DEFIFE: The demand is high. The logistics is a bit abnormal. Imports are congested. And the production runs quite well at maximum capacity. So put these things together, there will be some wrinkles.

Horsley: More importantly, these wrinkles can nourish each other. Ask Paul Guglielmo, who made and bottled his iconic pasta sauce range in Rochester, New York

PAUL GUGLIELMO: We have been told at least twice that a particular jar will take at least a month to buy. The pressure it brings to us is that you are afraid of not finding the material. So how do you react? Well, you react by buying more.

Horsley: Remember how people snapped up toilet paper last year? This kind of hoarding will worsen the shortage and it will also push up prices. Guglielmo's pasta sauce jar, which used to sell for 33 cents, now sells for 47 cents, an increase of 42% before he cuts the first tomato. Guglielmo swallowed part of the increase, but he also increased his prices at the grocery store.

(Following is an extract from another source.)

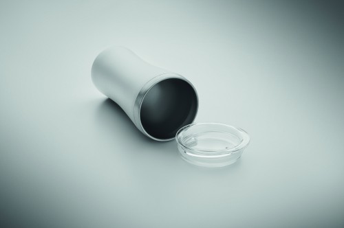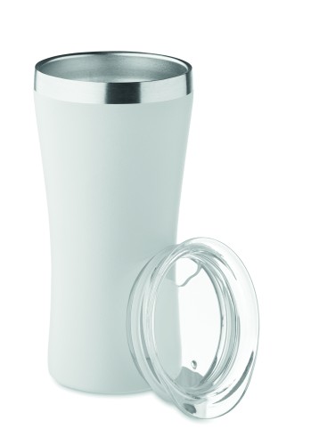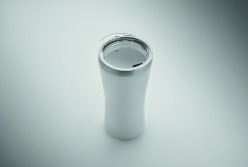 Small double wall vacuum insulated tumbler in recycled stainless steel (90% recycled stainless steel and 10% stainless steel) with drinking hole in the lid in transparent PP. Capacity: 160 ml.
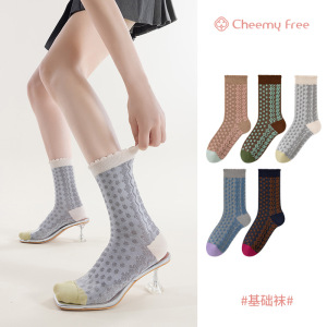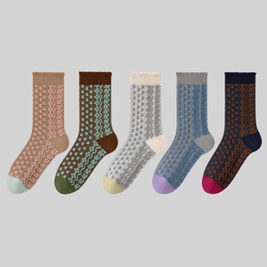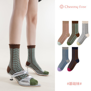 CHEEMY FREE 春と秋の靴下女性のレトロトレンドインデザインミッドカーフソックス韓国レリーフ暖かいパイルソックス

GUGLIELMO: I think everyone will make this decision throughout the entire supply chain. They decide whether we want to eat all of them, some of them, or all of them?

HORSLEY: The inventory of empty cans in Guglielmo's warehouse helped him sleep better at night, but it also cost him a lot of money, and he was not tied up right away.

GUGLIELMO: I walked past trays, trays and unused glass trays, we will use it. I want it here. You know, it should be here. But I think it’s just a pile of cash, do you know?

Horsley: Even if the small-scale vinegar manufacturer Lieberson could find the bottle, he couldn't afford the inventory on hand. Now he is sitting on the vat of vinegar and hot sauce, fingers crossed, and his bottle will arrive on time during the holidays.

Lieberson: Listen. I am a neurotic Jew, and I have to tell you, you know, all I think of are words that induce heart disease.

Horsley: If you find that your favorite vinegar, bourbon or pasta sauce is not available in the local store this winter, Guglielmo said please be patient.

Guglielmo: We are working hard. I guarantee that the people in the supply chain are working very, very hard. Among anyone I know, no one would sit down, raise their feet, and say, I don’t want to work now. You know, this will not happen. People are working very hard all day long.

Horsley: Guglielmo's glass supplier told him that the situation might get better next spring. Assuming we can find one, we can all raise a glass. Scott Horsley, NPR News, Washington.